Hay corruptos que roban con prepotencia. Y otros que lo hacen convencidos de que es por el bien común. José Miguel Castro perteneció al segundo grupo: el gerente técnico que operó con millones ilegales mientras su gestión presumía de “ética” y “progreso”. El problema no fue solo lo que hizo, sino lo que llegó a simbolizar.
Porque Castro no era cualquier funcionario. Fue el cerebro de la gestión de Susana Villarán, su operador de confianza, el que supuestamente pondría “orden” en un municipio marcado por la ineficiencia. Una gestión que prometió ética y terminó vinculada a Odebrecht y OAS. Ni honesta. Ni eficaz. Ni distinta.
Confesó haber recibido millones en aportes ilícitos y se había acogido al sistema de “colaborador eficaz”. Pero hasta junio de 2025 seguía sin juicio ni condena. Ese silencio procesal revela cómo ciertos perfiles con discurso técnico e imagen impoluta logran evadir el escrutinio que otros no se permiten.
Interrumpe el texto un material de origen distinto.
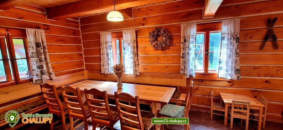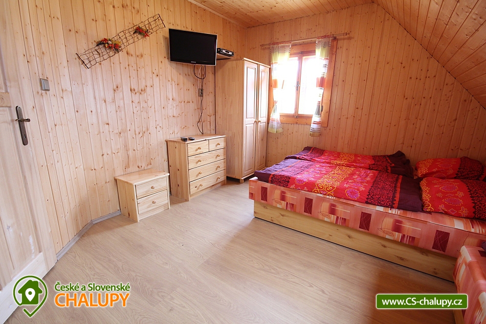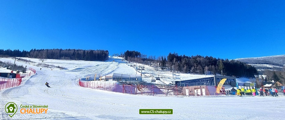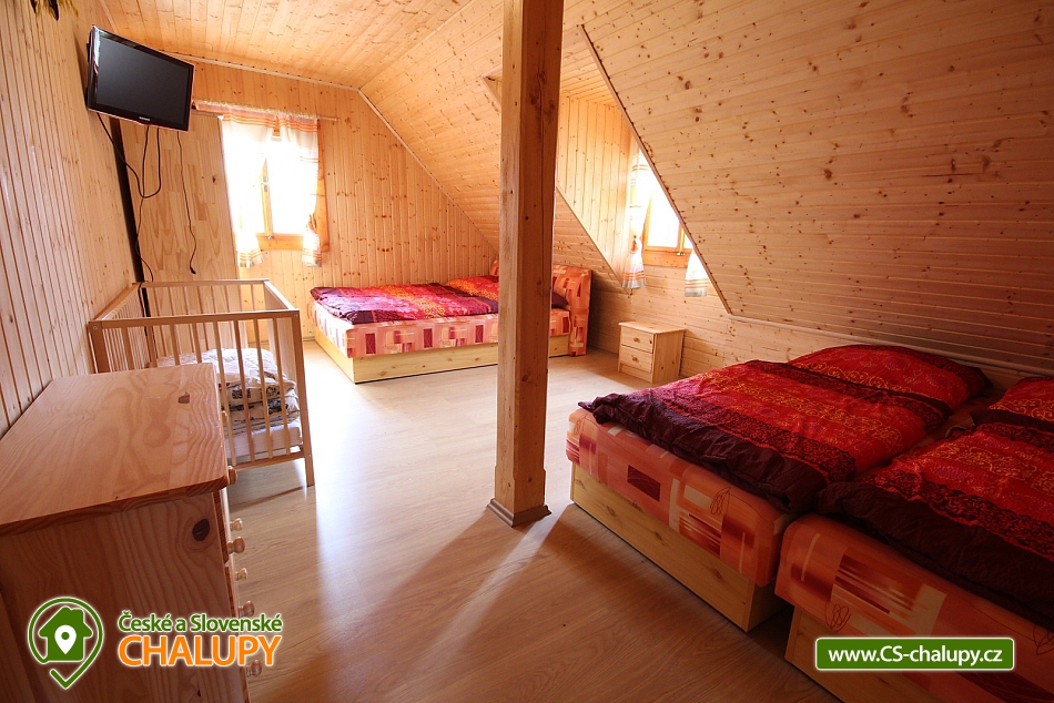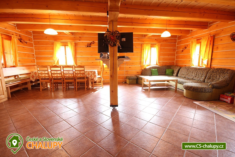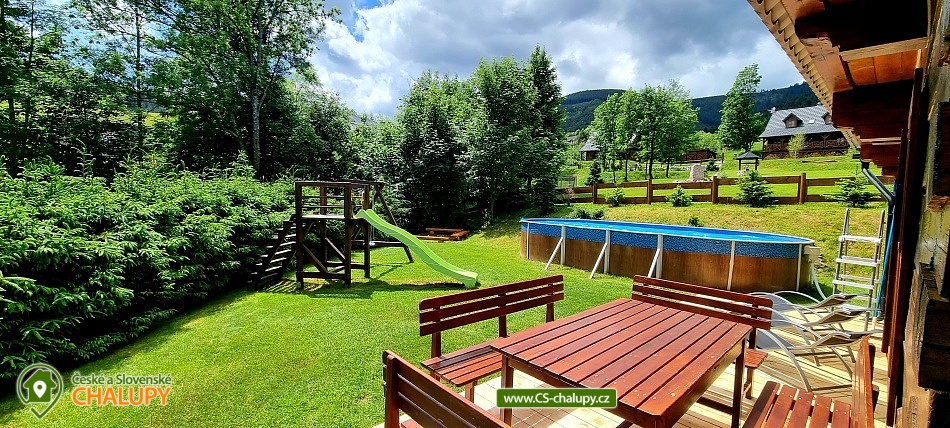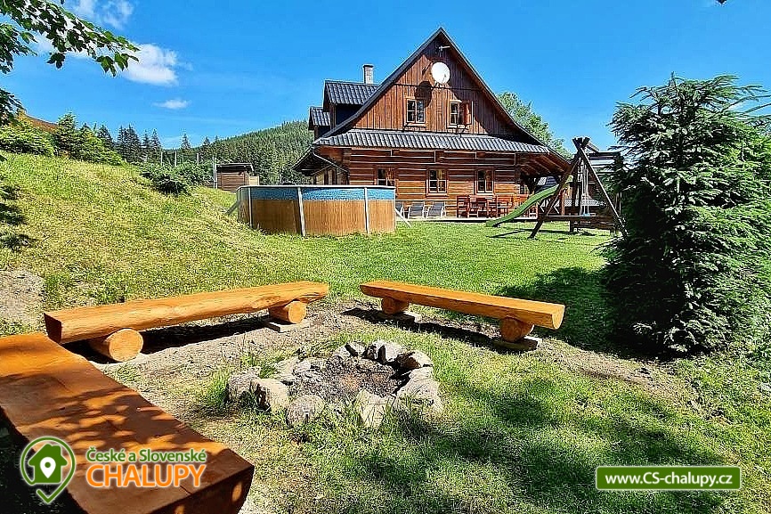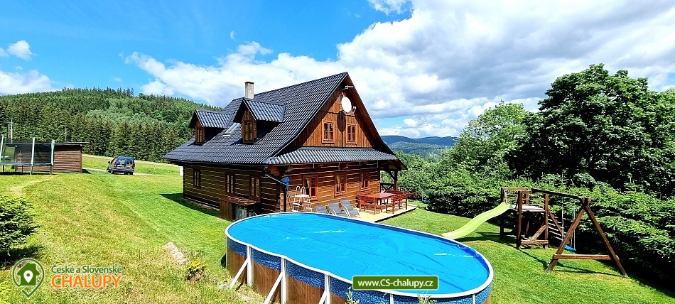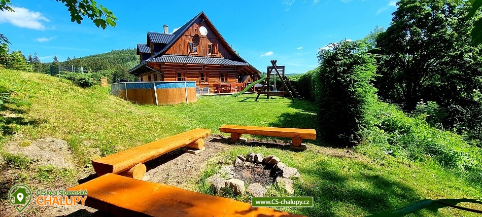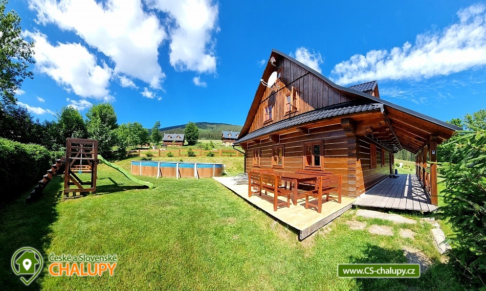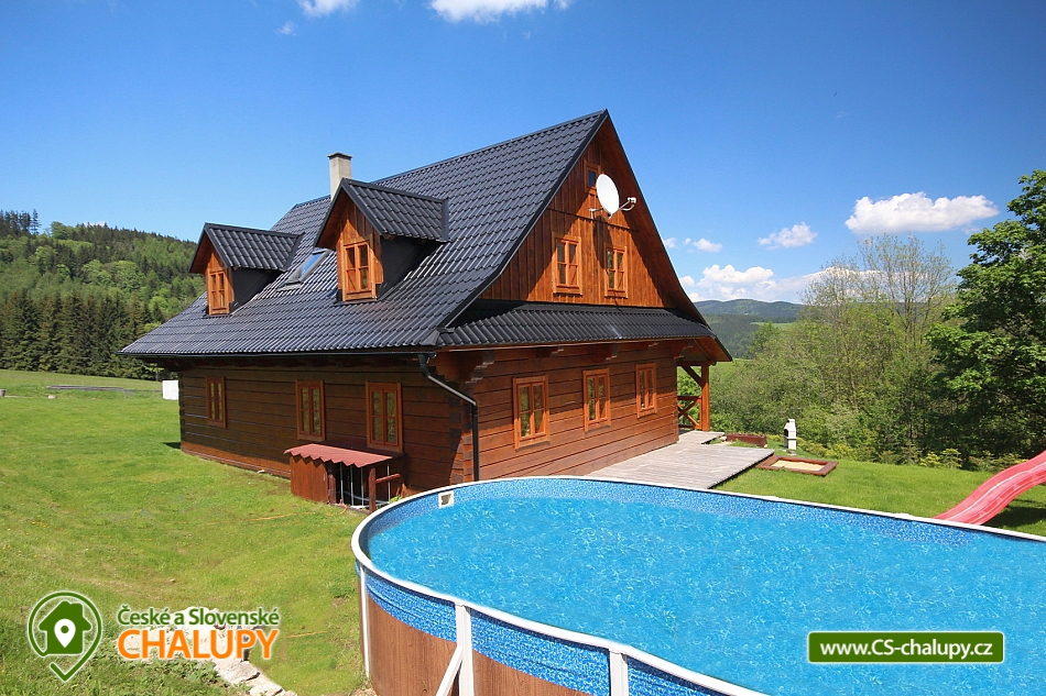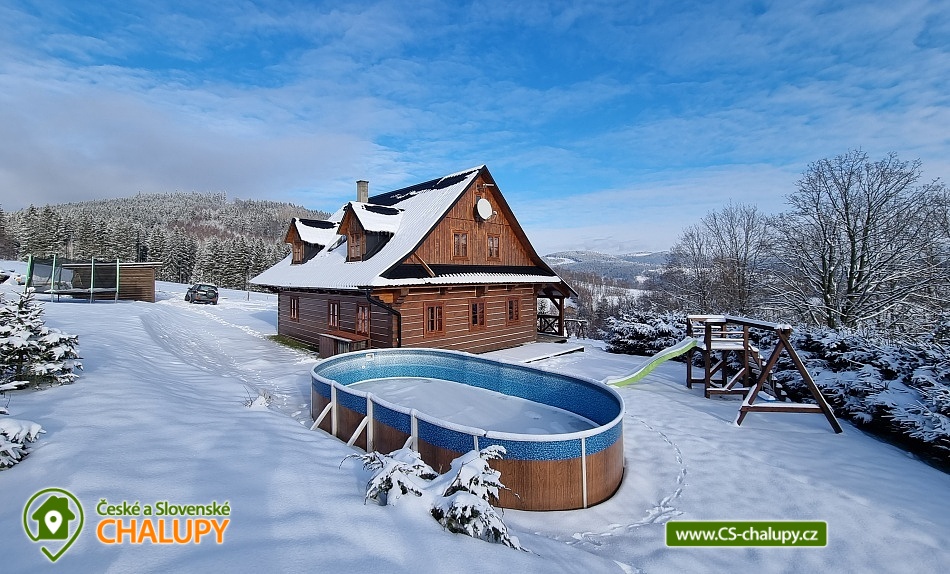 Mountain cottage Stříbrnice - cottage rental. Roubenka located in the immediate vicinity of the ski slope 800 m long and mountain stream at the foot of Králický Sněžník in the small village Stříbrnice, 3 km from the Old Town under Sneznik. On the ground floor above-standard equipped cottages is fully equipped kitchen (sitting, ceramic hob, electric oven, microwave oven, fridge, coffee maker, dishwasher, kettle and freezer) connected with large common room with tiled stove, Extra beds) and a large LCD satellite TV. On the ground floor there is also a relaxation room with a sauna and a large hydromassage bath for 2 people, a technical room with the possibility of storage of skis and bikes and a bathroom with hydromassage shower box and toilet. Upstairs there are 3 bedrooms, each with 4 beds and an LCD TV with satellite. Sanitary facilities on the upper floor include a large bathroom with a corner bath, toilet and 2x washbasin. The heating is a tiled stove, it heats the whole building, available directly. At the cottage there is an 8 x 4 m above sea level pool, 1.2 m deep with solar heating, grill, sandbox, swings, fireplace and outdoor seating on the roofed terrace. Parking by the house, in the winter months on a 150 m away car park.

La noticia más trágica llegó el 29 de junio: Castro fue hallado muerto en su departamento de Miraflores. Un profundo corte de 14 cm en el cuello, dos cuchillos a su lado y una puerta posiblemente manipulada. La versión oficial apunta a “suicidio”, pero hay demasiadas preguntas: ¿por qué, a pocos días de declarar, se silenció su voz con esa brutalidad?
La reacción pública fue mínima: no hubo protestas ni indignación masiva. Su muerte simplemente desapareció de la agenda mediática. Como si el silencio que no permitimos a otros se transformara en indiferencia cuando se trata de alguien con buenas maneras y (hasta ese momento) previsible.
Castro encarnó una forma de corrupción que el país todavía no está dispuesto a enfrentar: la que opera desde la respetabilidad pública, desde el discurso del cambio, desde el aura de técnica progresista. La que no grita, no insulta, no aparece en fotos polémicas, pero sí mueve millones bajo la sombra.
Quizá por eso su muerte no causó un estallido social: porque implicaría admitir que la corrupción no solo está en los brutos, en los autoritarios, en los tradicionales. Está también —y quizá especialmente— en los que hablan bien, tienen posgrados y visten con sobriedad.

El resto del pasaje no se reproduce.